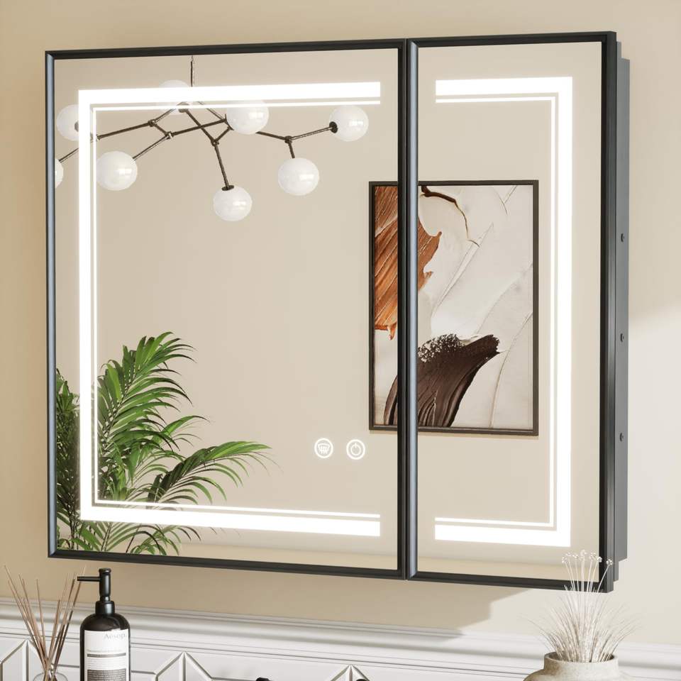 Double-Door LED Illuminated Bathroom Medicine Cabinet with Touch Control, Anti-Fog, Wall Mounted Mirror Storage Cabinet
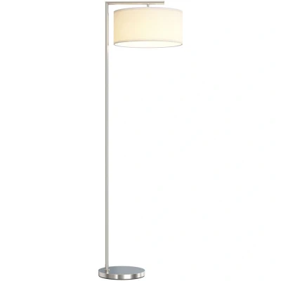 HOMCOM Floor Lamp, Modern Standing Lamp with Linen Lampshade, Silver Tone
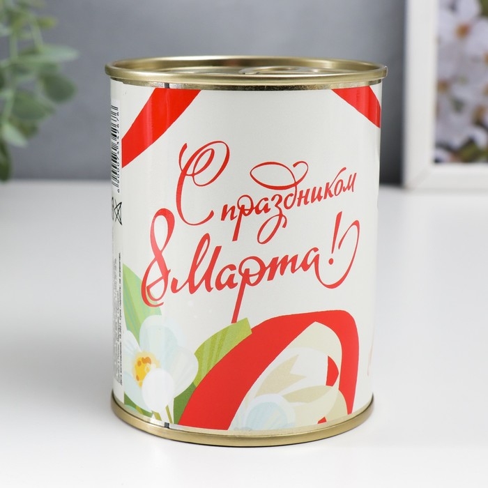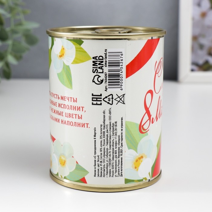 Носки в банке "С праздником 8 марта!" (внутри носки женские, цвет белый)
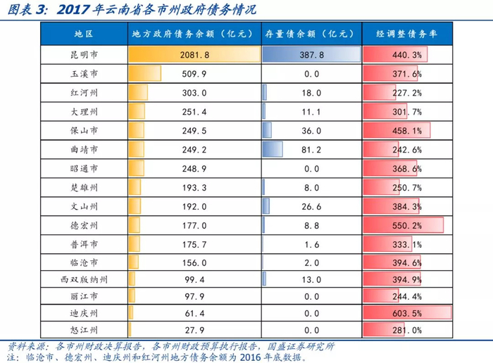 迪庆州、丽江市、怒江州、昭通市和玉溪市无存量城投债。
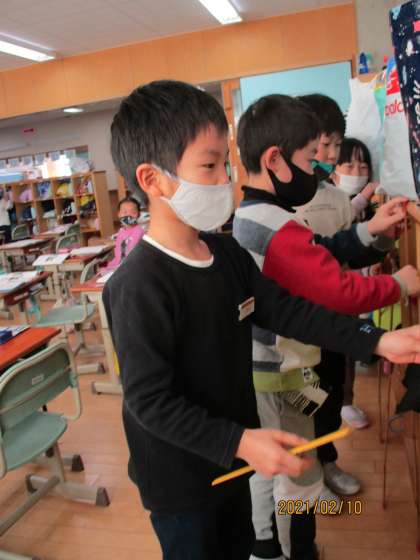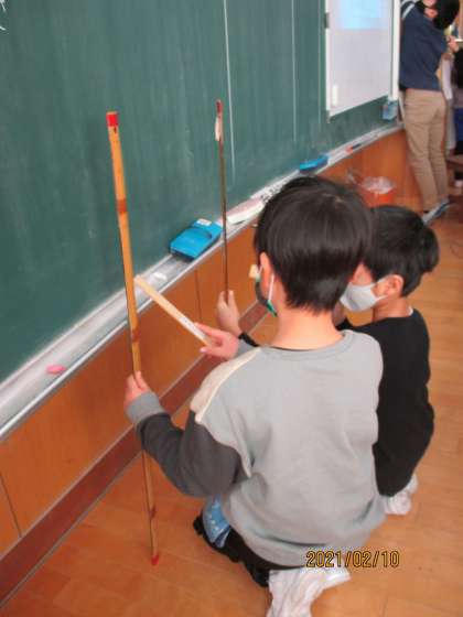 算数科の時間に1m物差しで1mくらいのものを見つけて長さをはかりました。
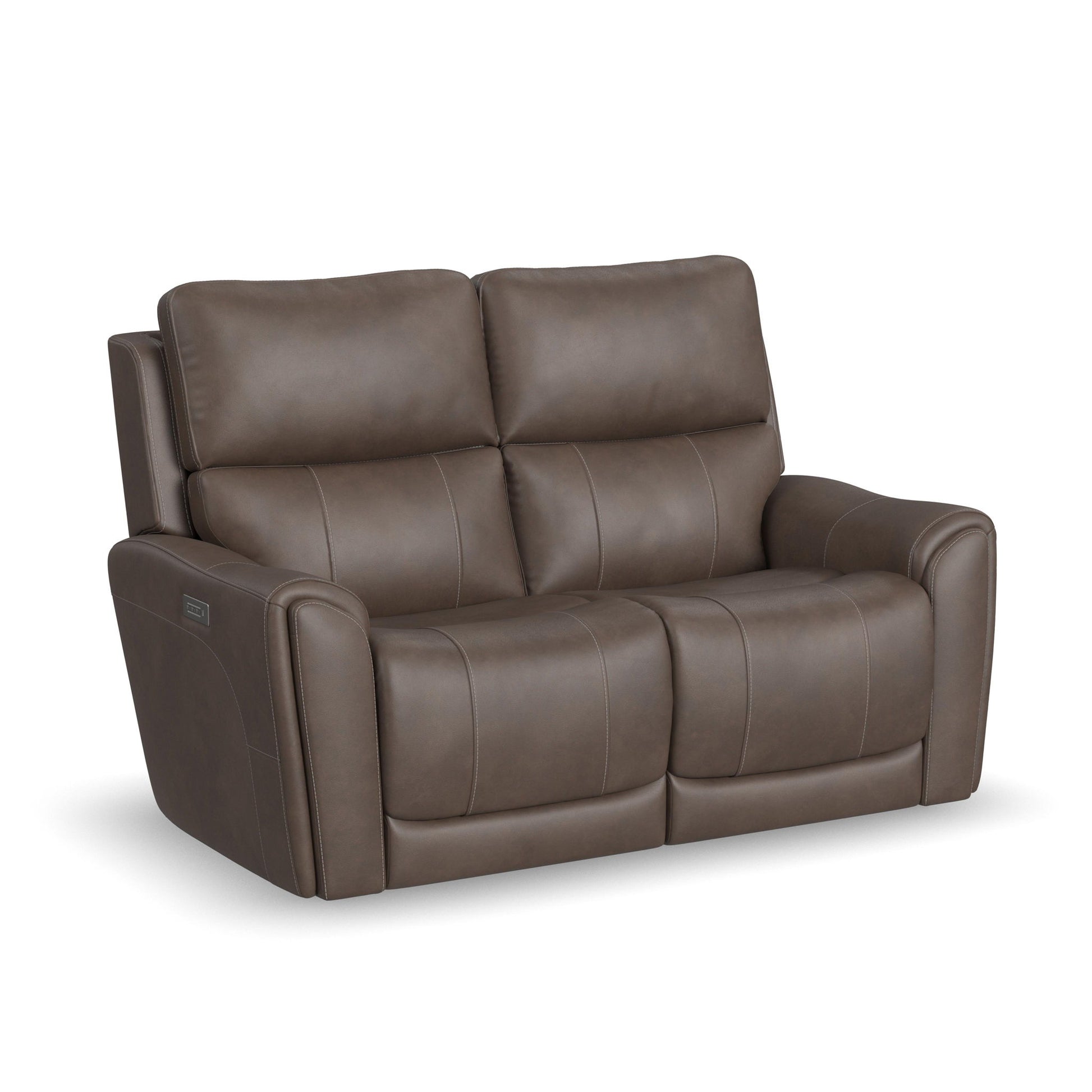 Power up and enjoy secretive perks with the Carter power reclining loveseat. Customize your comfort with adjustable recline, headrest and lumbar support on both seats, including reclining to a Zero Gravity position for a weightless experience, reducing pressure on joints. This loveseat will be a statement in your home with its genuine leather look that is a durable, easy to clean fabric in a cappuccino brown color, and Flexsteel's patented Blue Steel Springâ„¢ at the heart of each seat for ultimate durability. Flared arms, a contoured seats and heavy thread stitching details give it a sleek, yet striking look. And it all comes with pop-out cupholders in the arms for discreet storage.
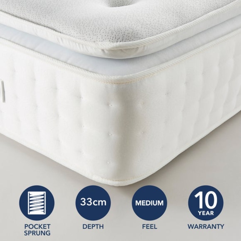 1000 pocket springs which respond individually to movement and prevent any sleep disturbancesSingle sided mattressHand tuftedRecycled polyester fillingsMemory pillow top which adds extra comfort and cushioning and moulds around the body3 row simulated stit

• • • • • • •

Set down, word for word, the line that holds "算数科の時間に1m物差しで1mくらいのものを見つけて長さをはかりました。" and all lines after it to the end of the entries above, but not the pictures.

_Task response_
 算数科の時間に1m物差しで1mくらいのものを見つけて長さをはかりました。
 Power up and enjoy secretive perks with the Carter power reclining loveseat. Customize your comfort with adjustable recline, headrest and lumbar support on both seats, including reclining to a Zero Gravity position for a weightless experience, reducing pressure on joints. This loveseat will be a statement in your home with its genuine leather look that is a durable, easy to clean fabric in a cappuccino brown color, and Flexsteel's patented Blue Steel Springâ„¢ at the heart of each seat for ultimate durability. Flared arms, a contoured seats and heavy thread stitching details give it a sleek, yet striking look. And it all comes with pop-out cupholders in the arms for discreet storage.
 1000 pocket springs which respond individually to movement and prevent any sleep disturbancesSingle sided mattressHand tuftedRecycled polyester fillingsMemory pillow top which adds extra comfort and cushioning and moulds around the body3 row simulated stit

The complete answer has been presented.